Between 1980 and 1981, Hodges was the first United States Deputy Secretary of Commerce, appointed by Jimmy Carter. Previously Under Secretary of Commerce, he had been tapped to replace Juanita M. Kreps as United States Secretary of Commerce, but, after a spell as Acting Secretary, the job went to Philip Klutznick, and the new Deputy Secretary position was created for him.

From 1980 to 1990, he was chairman of Washington Bancorp, the parent company of The Bank of Washington.

Later, Hodges owned the Hotel Santa Fe in Santa Fe, New Mexico.

In 2016, Hodges wrote a book, Bank Notes: An Inside Look at the Launching of North Carolina's Banking Ascendancy and a Commentary on the Current New World of Banking.

Hodges also is a former member of the Board of Governors of the University of North Carolina and is a past chairman of the College of Santa Fe. He has also served as a trustee of American University and of Johnson C. Smith University. He is a director of Homeowners of America Insurance Corporation, Atmocean, Inc., and H&H Medical Technologies. He has also served as a member of the board of directors of the North Carolina State Ports Authority.
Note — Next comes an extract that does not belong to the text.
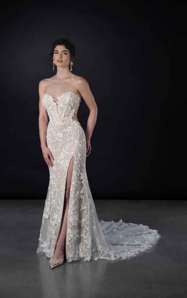 This gown features a plunging sweetheart neckline atop a fitted corset bodice with exposed boning and daring side cutouts, accentuating the natural hourglass figure. A gown-length row of fabric-covered buttons trails the back, while the sparkling column skirt skims every curve, offering an optional high leg slit for added allure.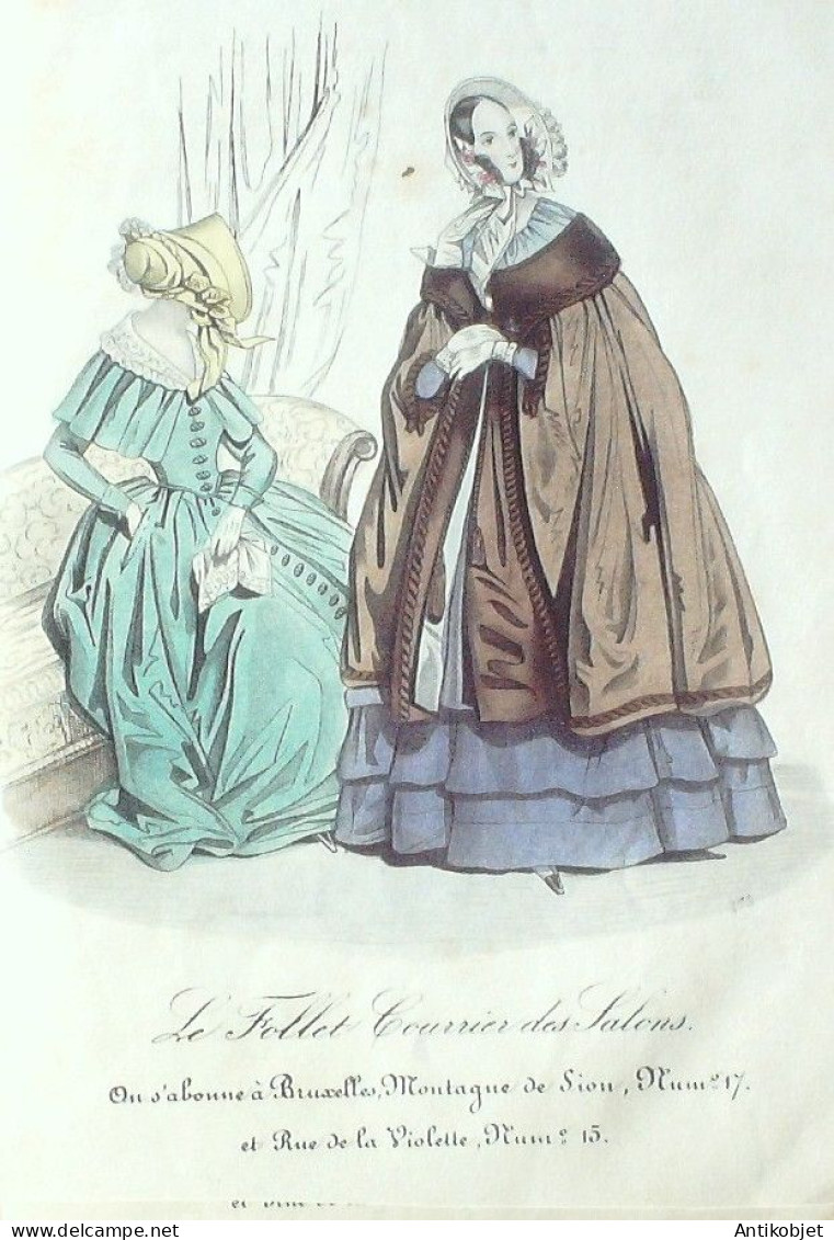 Gravure Mode Le Follet 1840 # 473 (aquarelle Old Fashion plate)

==Political contributions==
Hodges began his political career as a Democrat, but later changed to Republican. In 2004, Hodges contributed more than $30,000 to Republican candidates including George W. Bush, Dick Cheney, and Senator Richard Burr. In 2012, Hodges contributed over $51,000 to Republican candidates and organizations including Mitt Romney, Renee Ellmers, (R-NC) and Virginia Foxx (R-NC).